恐らく、それは学生時代からの因習なのでしょう。部活動はその典型例かもしれません。
そして、社会人になってからもそれは非常に色濃く反映されるようです。
職位が上であることと、年齢が上であることは、ときと場合によって重要性が異なってきます。
加えて、最近ではスキルを持っているかどうかというのも重要視されるようになってきましたね。
今までの社会構造は完全に年功序列でした。それは、年齢を重ねるにつれてある程度の経験とスキルが比例して上昇してくる構造だったからです。
会社に長いこと勤めていれば、それなりの技術とそれなりの経験がつくから、長くいた方が有利になる。ある意味で職人の師弟関係のような状態が長く続いていたのかもしれません。
医師の世界でも、同様の考え方が浸透しているように感じます。
さらにその構造は職位によってもかなり影響を受けます。教授だったり講師だったりすると、やはりそれなりに「箔」が付くわけです。当然、年齢も上であることが多いですから、上意下達の関係がかなり強い業界であると言えます。
そんな世界に長らくいると、実際に仕事をしている人間と職位の椅子に座っている人間とで少し「ずれ」が出てくることに気づきます。
どの会社でもそうなのでしょうが、毎日きつい労働をしている若手~中堅と比較して、上層部は少し異なる立場にいることを感じることもあるのではないでしょうか。
年功序列といっても、ただ年齢が上、職位が上であることで序列が決定されるだけのものではないと思うのです。
年齢が上がったとしても、しかるべき能力が備わっていなければ、それは序列として上にいるべきではない。そして、職位が上であるからといって、しかるべき風格がなければ序列として上にいるべきではない。そう思うのです。
年功序列はただの数字の大小関係ではない
年功序列というのは簡単に用いられる言葉ですが、非常に重みのある言葉です。
年齢が上になればなるほど、職位が上になればなるほど、どんどん「磨かれていかなければならない」のです。年功の「功」という文字は、そういう部分を表しているような気がするのです。スキルのない若手が威張ってしまうのもあまりよくはないですが、年齢も職位も上の方が態度も不遜であると、少し残念なように思います。
年の功は、後ろから経験を積もうとしている若い人々に対して効果を発揮するものです。
決して、その場に立ち止まって座っていてよいものではありません。もしも、読者の方が上の立場にいらっしゃるようであれば、そのことを気を付けてみてください。指導をするということと威張るということは決定的に違うということです。
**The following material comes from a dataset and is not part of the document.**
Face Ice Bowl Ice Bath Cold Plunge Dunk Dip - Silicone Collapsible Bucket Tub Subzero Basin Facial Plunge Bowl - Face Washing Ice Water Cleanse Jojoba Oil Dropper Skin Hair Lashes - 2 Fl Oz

だいたいにおいて、年の功は外に表さなくても自然と「人がついてくる」というかたちで達成されてくるものです。
ただ厳しく教えていれば良いというわけではなく、自分がいままで経験してきた辛いことや苦しんだことなどを教えてあげるという責務があるのです。
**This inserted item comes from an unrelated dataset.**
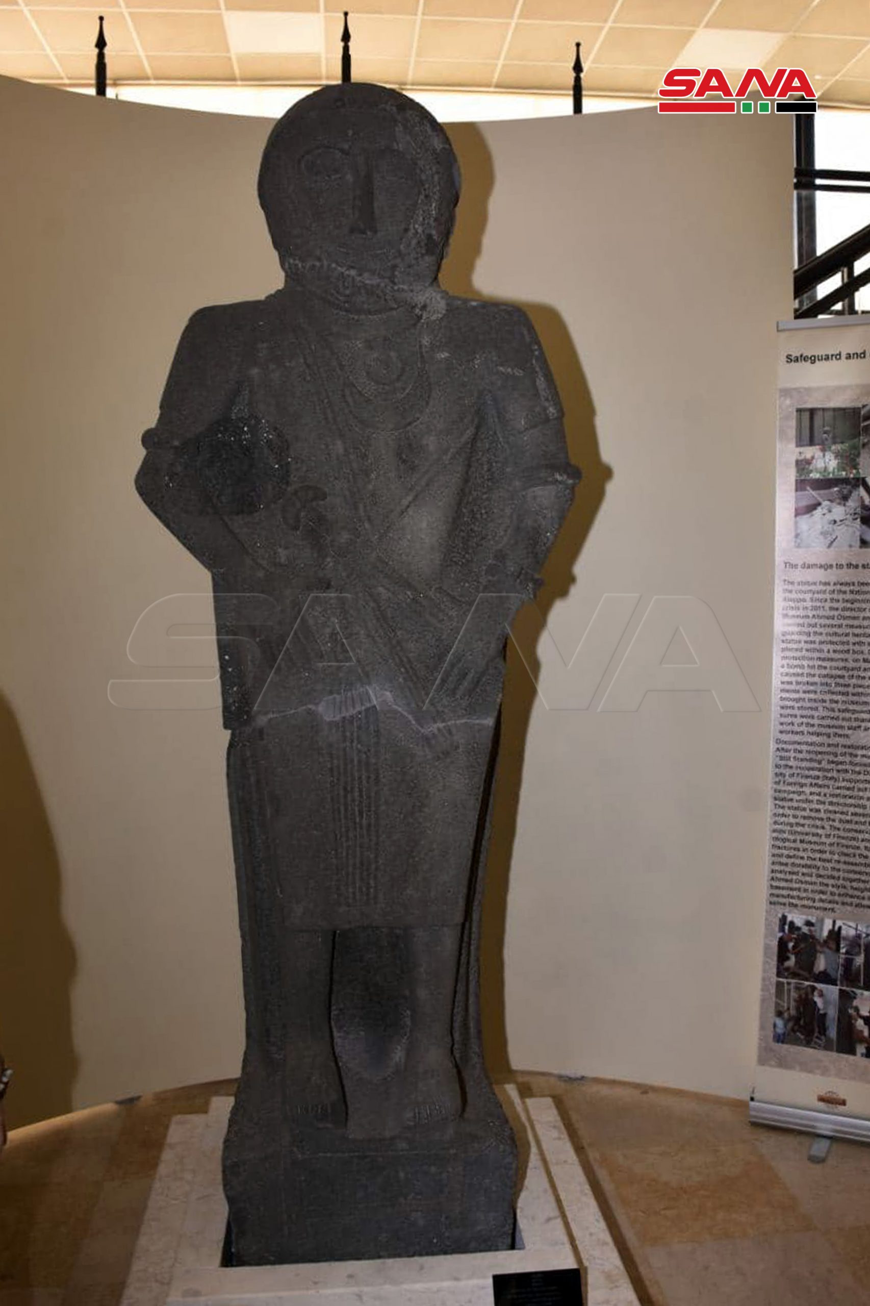 La estatua aramea de Ain al-Tal, que data de finales del siglo IX a.C., fue devuelta a su lugar en el Museo Nacional de Alepo, después de completar su restauración de los daños causados por el terrorismo.

もちろん、現在でも上の職位にいて多忙を極める方もいらっしゃると思います。ですが、そのなかでも下の立場にいる人を気遣ってあげなくてはいけない。そこには、例えば「俺は厳しくされながら叩き上げられてきたから同じようにする!」などという、おのおのの「ポリシー」を含める必要はないのです。
年功序列の構造のなかでは、下の人たちから恭しくされるということもあります。しかし同時に、自分がそのときにどういう態度で出るのかということも、また多くの人から見られているものです。
私は上の人と下の人とに対して使う態度が異なる人はあまり良い印象を持ちません。
年の功を上手に使う
年を取って職位が上がることはもはや当たり前のことなのですから、そこから先の人間としての魅力をどういう風に捉えていくのかを考えていくのが良いのではないでしょうか。
ぜひ、現在の自分の立場がどういうものなのかを振り返ってみてください。
いろいろなことができるようになって、少しだけ天狗になってはいないでしょうか。
あるいは、昔自分ができなかったことを棚に上げて、下をついてくる方たちに厳しく当たっていないでしょうか。
自分が通ってきた道は、他人も通る道なのです。
過去の自分の気持ちを忘れないようにしながら、「年の功」を上手に使っていけたらいいですね。